Exercise
Needed from the data below: every line from the one with "In October, consumer" up to and including the one with "СОВМЕСТНОЕ ЗАКЛЮЧЕНИЕ БДИПЧ", repeated exactly and with nothing else.
Data in this exercise: Begin
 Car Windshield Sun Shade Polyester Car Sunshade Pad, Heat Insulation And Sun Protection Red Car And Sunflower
Data in this exercise: End
Data in this exercise: Begin
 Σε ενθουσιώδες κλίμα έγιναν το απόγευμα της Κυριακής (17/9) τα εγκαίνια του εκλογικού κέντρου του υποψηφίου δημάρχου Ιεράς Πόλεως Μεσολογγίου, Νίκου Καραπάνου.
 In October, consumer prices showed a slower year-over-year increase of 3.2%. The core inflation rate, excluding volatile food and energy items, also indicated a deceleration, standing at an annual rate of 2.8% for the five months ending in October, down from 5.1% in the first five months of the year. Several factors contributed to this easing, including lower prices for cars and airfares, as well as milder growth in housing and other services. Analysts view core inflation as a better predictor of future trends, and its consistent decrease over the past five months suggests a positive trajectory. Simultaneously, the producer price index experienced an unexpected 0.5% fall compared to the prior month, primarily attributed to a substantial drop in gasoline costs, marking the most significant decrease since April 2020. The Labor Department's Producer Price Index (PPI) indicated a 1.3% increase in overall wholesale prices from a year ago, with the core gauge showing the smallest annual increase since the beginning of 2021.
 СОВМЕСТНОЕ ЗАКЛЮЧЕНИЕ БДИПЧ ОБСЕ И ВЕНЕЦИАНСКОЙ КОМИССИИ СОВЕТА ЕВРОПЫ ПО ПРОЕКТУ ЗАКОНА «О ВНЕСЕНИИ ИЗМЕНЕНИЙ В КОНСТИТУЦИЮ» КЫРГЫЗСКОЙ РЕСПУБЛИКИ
Data in this exercise: End
Data in this exercise: Begin
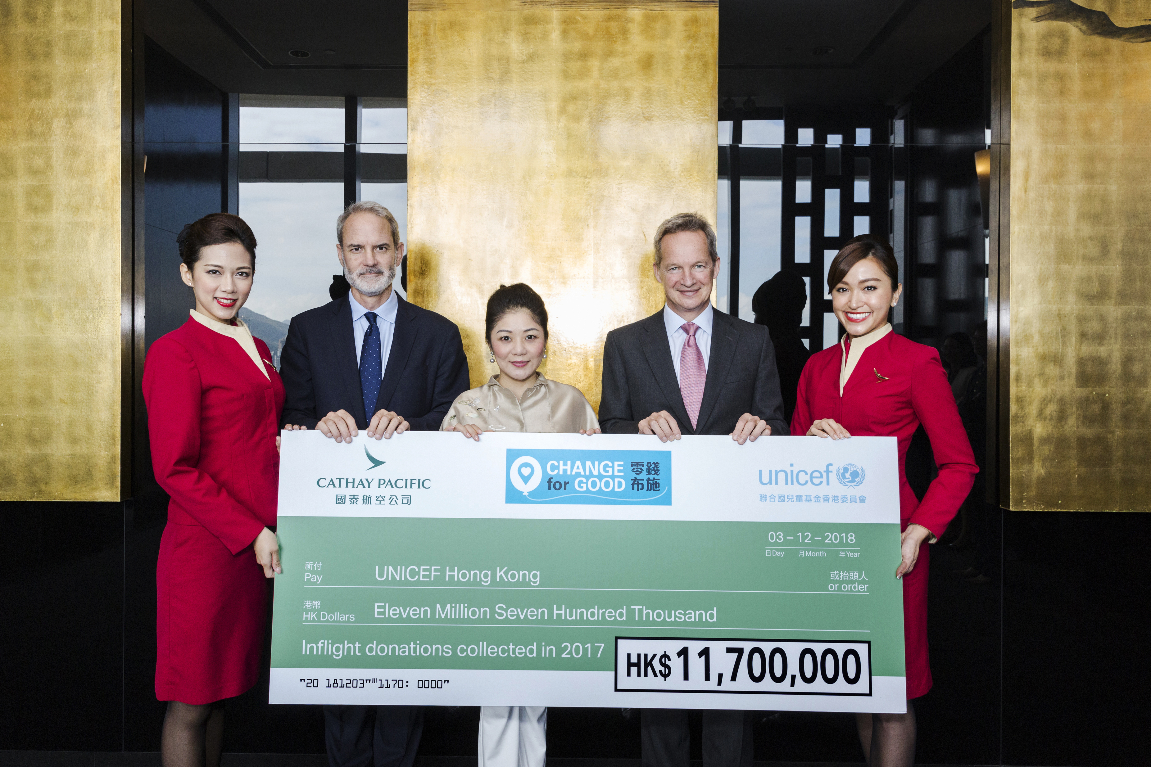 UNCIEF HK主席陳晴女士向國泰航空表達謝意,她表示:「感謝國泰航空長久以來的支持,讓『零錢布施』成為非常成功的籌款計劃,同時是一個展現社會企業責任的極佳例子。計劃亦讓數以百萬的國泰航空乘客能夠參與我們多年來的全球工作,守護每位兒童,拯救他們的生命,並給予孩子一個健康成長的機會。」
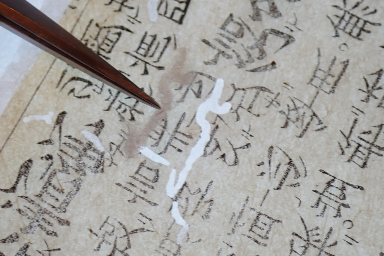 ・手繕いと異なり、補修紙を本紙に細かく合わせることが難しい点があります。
Data in this exercise: End
Output below
 In October, consumer prices showed a slower year-over-year increase of 3.2%. The core inflation rate, excluding volatile food and energy items, also indicated a deceleration, standing at an annual rate of 2.8% for the five months ending in October, down from 5.1% in the first five months of the year. Several factors contributed to this easing, including lower prices for cars and airfares, as well as milder growth in housing and other services. Analysts view core inflation as a better predictor of future trends, and its consistent decrease over the past five months suggests a positive trajectory. Simultaneously, the producer price index experienced an unexpected 0.5% fall compared to the prior month, primarily attributed to a substantial drop in gasoline costs, marking the most significant decrease since April 2020. The Labor Department's Producer Price Index (PPI) indicated a 1.3% increase in overall wholesale prices from a year ago, with the core gauge showing the smallest annual increase since the beginning of 2021.
 СОВМЕСТНОЕ ЗАКЛЮЧЕНИЕ БДИПЧ ОБСЕ И ВЕНЕЦИАНСКОЙ КОМИССИИ СОВЕТА ЕВРОПЫ ПО ПРОЕКТУ ЗАКОНА «О ВНЕСЕНИИ ИЗМЕНЕНИЙ В КОНСТИТУЦИЮ» КЫРГЫЗСКОЙ РЕСПУБЛИКИ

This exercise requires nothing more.